The idea had been popular among many Americans but drew scorn from critics, who said it would be a waste of money and was akin to events organized by authoritarian regimes.
"The Department of Defense and White House have been planning a parade to honor America's military veterans and commemorate the centennial of World War I," Pentagon spokesman Colonel Rob Manning said in a statement.
"We originally targeted November 10, 2018 for this event but have now agreed to explore opportunities in 2019," he added.
When the White House in February announced the commander-in-chief's desire to hold the parade in Washington, the budget director said it would cost between $10 million and $30 million.
But a US official told AFP earlier Thursday the planning estimate had now gone as high as $92 million, though no final figure has been reached.
The request for the event came after Trump's visit to France in July 2017, where he was hosted with great fanfare by French President Emmanuel Macron.

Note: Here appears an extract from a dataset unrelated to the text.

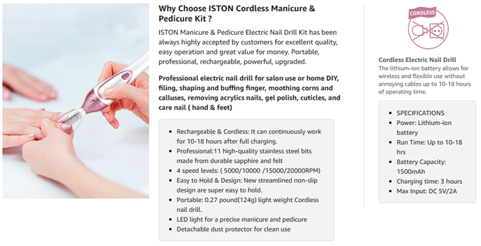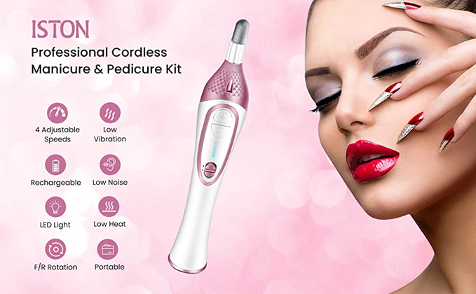 ★【What You Received & 100% Customer-Happy】The professional manicure set includes all necessary pedicure manicure kit: electric nail file, 11 high quality Nail Drill bits, 20 sanding bands, USB charging cable, dust protector, a storage case and 5-Year Warranty.Our ISTON manicure tools has approved the RoHS MSDS CE Certificate. Give you a safe and the best manicure experience. please let us know if there is any problem occurs about our manicure pedicure kit. we will assist you within 12 hrs.

Sitting on the Champs-Elysees during the Bastille Day parade, the American president had marveled at the Republican Guard on horseback and jets flying overhead.
He had initially hinted at plans to transform America's Independence Day celebrations -- usually associated with fireworks and barbecues -- on July 4 into a vast military parade.
"To a large extent, because of what I witnessed we may do something like that on July Fourth in Washington down Pennsylvania Avenue," he said in September 2017.
Even before becoming president, aides reported that Trump had considered a military parade to mark his inauguration -- although that idea was eventually scrapped.
Trump has also embraced military backdrop for several speeches and presidential visits. However, he received deferments from carrying out military service of his own during the Vietnam War.
US media were quick to highlight how the ballooning costs of the proposed parade stood in contrast to his concern about the expense of conducting joint military exercises with South Korea.
"We will be stopping the war games, which will save us a tremendous amount of money," Trump said in June after meeting North Korean leader Kim Jong Un.
It later emerged that the drills cost about $14 million, a fraction of the price of a military parade.
Others suggested the money could be better spent improving the lives of destitute veterans.
"Until such time as we can celebrate victory in the War on Terrorism and bring our military home, we think the parade money would be better spent fully funding the Department of Veteran Affairs and giving our troops and their families the best care possible," said the American Legion's national commander Denise Rohan.
The United States normally holds military parades to mark the end of a conflict, such as in 1991 when president George HW Bush held a National Victory Parade in Washington to celebrate the end of the first Gulf War.